Nothing is more simultaneously scary and satisfying than totally screwing up your life while becoming the envy of all your friends all in the same move. Once the deed is done, whether you wake up every day screaming or with a crazy grin on your face all depends on how you look at things. If you stay medicated (you don’t actually think I would have had the jewels to do all of this without that sweet Happy Pill buzz, do you?) and concentrate on the fantastic experiences you’re having, everything will be copasetic. If you focus on what it’s like to have no savings, no career, no heath insurance and no belongings beyond what you have in your two pieces of luggage, you are likely to scare the living bejesus out of your hostel roommates at least once a night when you wake up sobbing from that dream where you live in a flop house, heating your 27 cent Campbell’s soup dinner on a $4.99 Target hotplate and contemplating your aluminum can collection route for the following day.
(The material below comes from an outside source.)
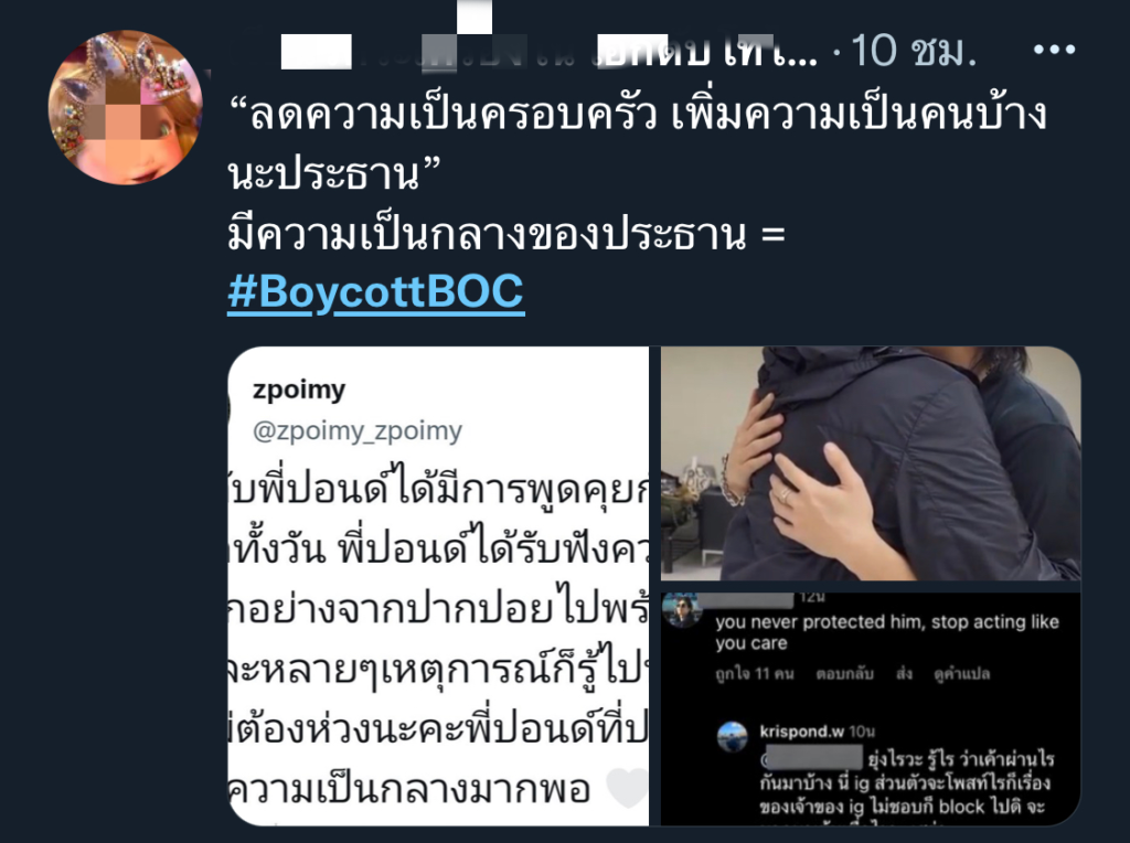 แห่ติดแฮชแท็ก #BoycottBOC  หลังผู้บริหารโพสต์คลิปให้กำลังใจบิว จักรพันธ์

Think about it carefully. You can do this too. You may have a spouse. You may have a dependent. You may have a subscription to “Martha Stewart’s Living.” This is all stuff you can drop if you really, really want to. I can’t tell you how to do it. It’s all situational. What I do know is, life - is - short. If you’re unhappy, stop doing whatever is that’s making you unhappy and make some changes.

Don’t stop right now! This type of thing takes some planning, but with the right preparations you can do whatever the hell you friggin’ want. You can move to the Bahamas. You can be a helicopter pilot. You can start your own porn company. Just keep thinking “This is my life and every day that I am unhappy is a wasted day.” We all have our ups and downs. If you have one or two unhappy days a month, stop reading this babbling, go outside, lie in the grass and laugh until you cry. You are a lucky son-of-a-bitch and all you have to do is keep on keepin’ on. If you are unhappy 28 days a month, it’s time to shake things up. Where is it written that you have to live in misery all because if you dared to make any changes you might mess things up for your family/co-workers/neighborhood association/pee-wee soccer team? Fuck them. Let them have their own epiphanies.
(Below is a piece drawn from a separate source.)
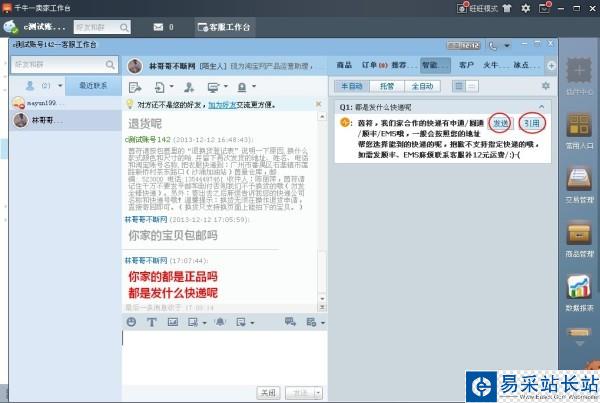 第三步:點(diǎn)擊到智能機(jī)器人的頁面,可以看到機(jī)器人自動識別買家的問題。對于推薦的回復(fù),需要修改的,點(diǎn)擊“引用”可在輸入框直接修改(或右鍵單擊推薦回復(fù)框修改);對于不需要修改回復(fù)的,直接點(diǎn)擊“發(fā)送”即可完成回復(fù)。

You could have a stroke tomorrow. You could loose your hard-earned life savings in an Enron-related debacle. You could have your dick, or what have you, cut off by a discontented partner and thrown into the bushes from a moving car. Another quote that has haunted me since I “evolved” is from a little film called “Fight Club.” “The things that you own, end up owning you.” Broaden that sentiment out to include all of the perceived responsibilities and living organisms that encompass your intangible prison and that’s what you have to aim for. Buck off the stuff that’s tearing you down. Don’t do it all in the same afternoon, but get it done. Make a schedule no longer than six weeks (I only use that time-frame as it was the amount of time that transpired between the moment I resolved to quit my job, sell everything I owned, make the arrangements, buy the equipment I needed to launch this odyssey and the moment that I got on a goddamn plane destined for Europe. If I can do all that shit in six weeks with my brain firing at only half capacity, so can you).
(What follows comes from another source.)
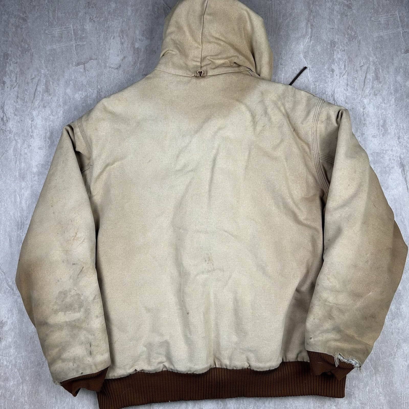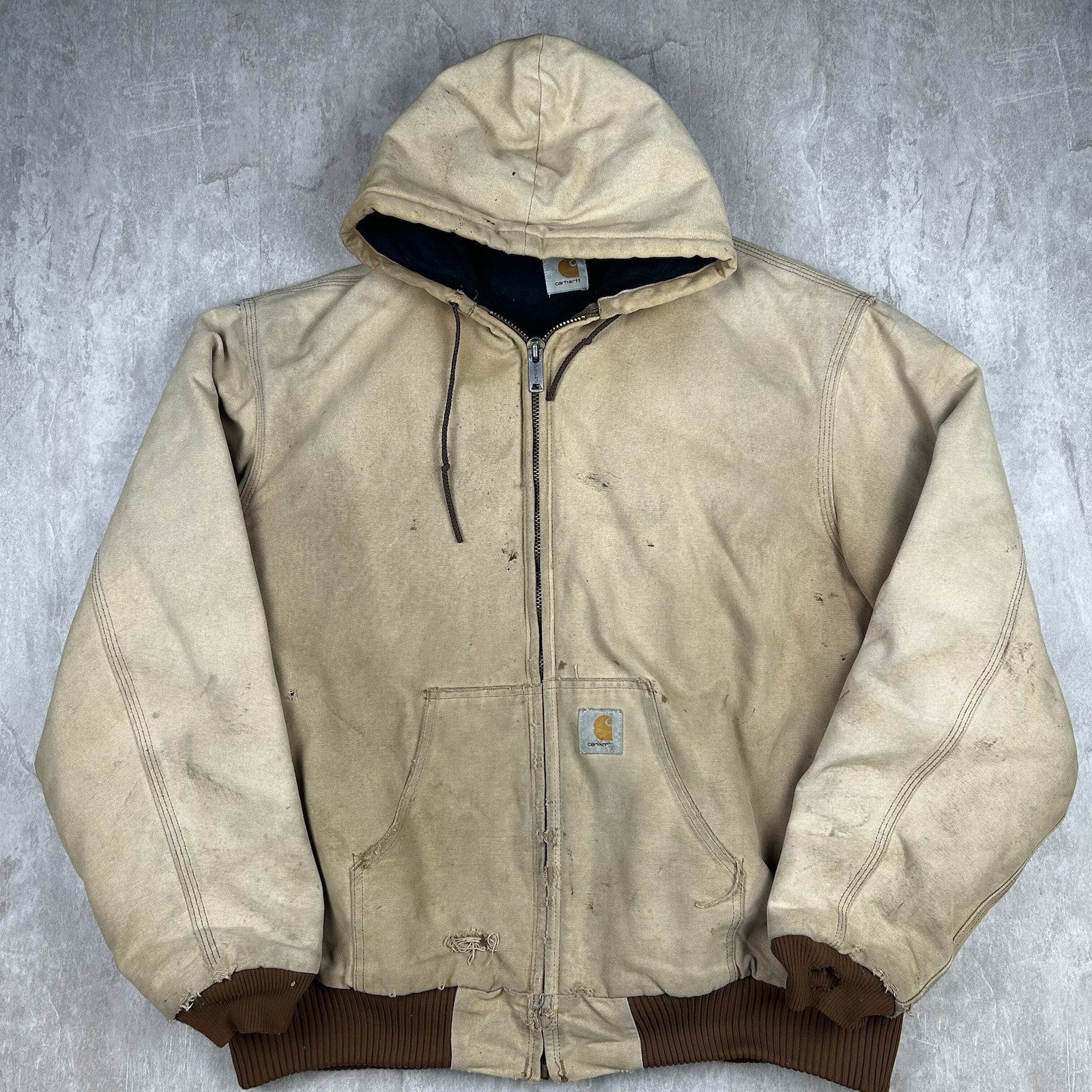 Distressed Vintage 90s Carhartt Beige Jacket Zip Up Men’s Size Unknown

OK, I just reread the last two paragraphs and this is starting to degenerate into a really bad motivational speech. I f*cking hate those guys. Let me just leave you with this thought: Your freedom is not waiting behind your next raise or your new car or your child’s graduation or your retirement. It’s right in front of you, behind all of the shit that you've piled around it. Start moving things around and reacquaint yourself with your freedom, then when you’re ready, get naked and get intimate with it.